* [Problem to work on] The material below contains a line with "- 7 magnetiske" and a line with "The style that". Copy exactly those two lines and all lines between them.

* [Data for analysis]
********************

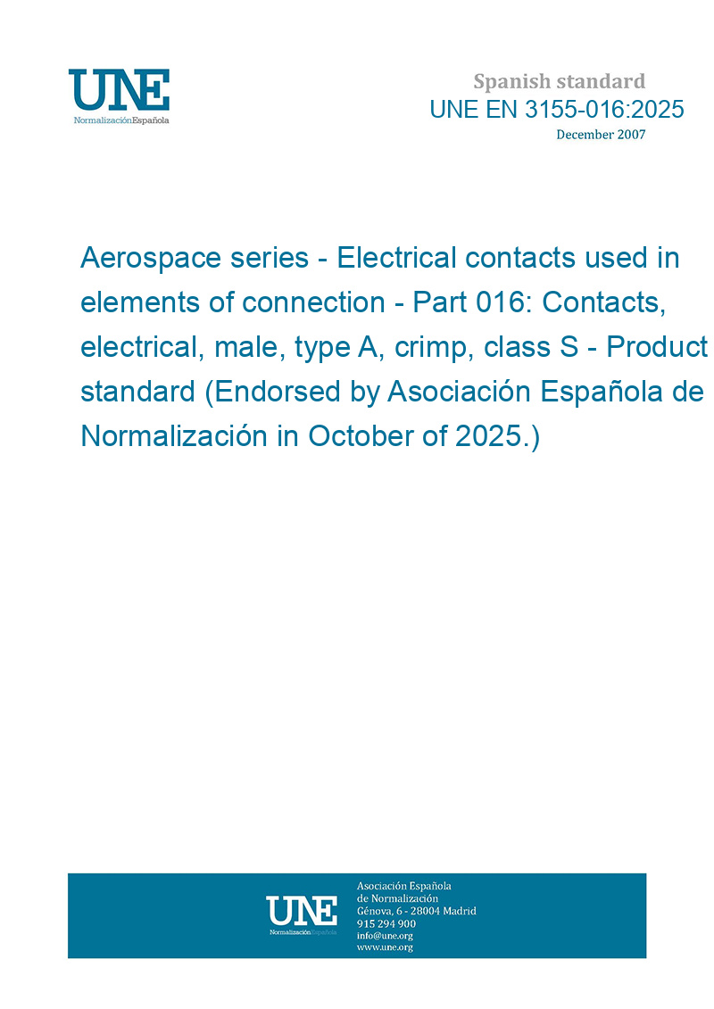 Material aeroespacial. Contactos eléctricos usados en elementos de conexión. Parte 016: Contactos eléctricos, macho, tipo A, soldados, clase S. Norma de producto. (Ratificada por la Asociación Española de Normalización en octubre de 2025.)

********************

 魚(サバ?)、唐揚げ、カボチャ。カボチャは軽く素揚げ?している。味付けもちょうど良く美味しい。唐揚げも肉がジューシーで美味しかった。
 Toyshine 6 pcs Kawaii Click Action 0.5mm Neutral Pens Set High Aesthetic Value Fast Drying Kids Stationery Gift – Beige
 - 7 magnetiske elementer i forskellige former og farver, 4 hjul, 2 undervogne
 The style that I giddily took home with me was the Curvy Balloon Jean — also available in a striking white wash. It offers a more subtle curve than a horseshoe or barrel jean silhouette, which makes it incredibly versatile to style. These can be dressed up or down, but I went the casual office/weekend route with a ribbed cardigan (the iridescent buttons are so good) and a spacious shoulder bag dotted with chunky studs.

********************

* [Written answer]
 - 7 magnetiske elementer i forskellige former og farver, 4 hjul, 2 undervogne
 The style that I giddily took home with me was the Curvy Balloon Jean — also available in a striking white wash. It offers a more subtle curve than a horseshoe or barrel jean silhouette, which makes it incredibly versatile to style. These can be dressed up or down, but I went the casual office/weekend route with a ribbed cardigan (the iridescent buttons are so good) and a spacious shoulder bag dotted with chunky studs.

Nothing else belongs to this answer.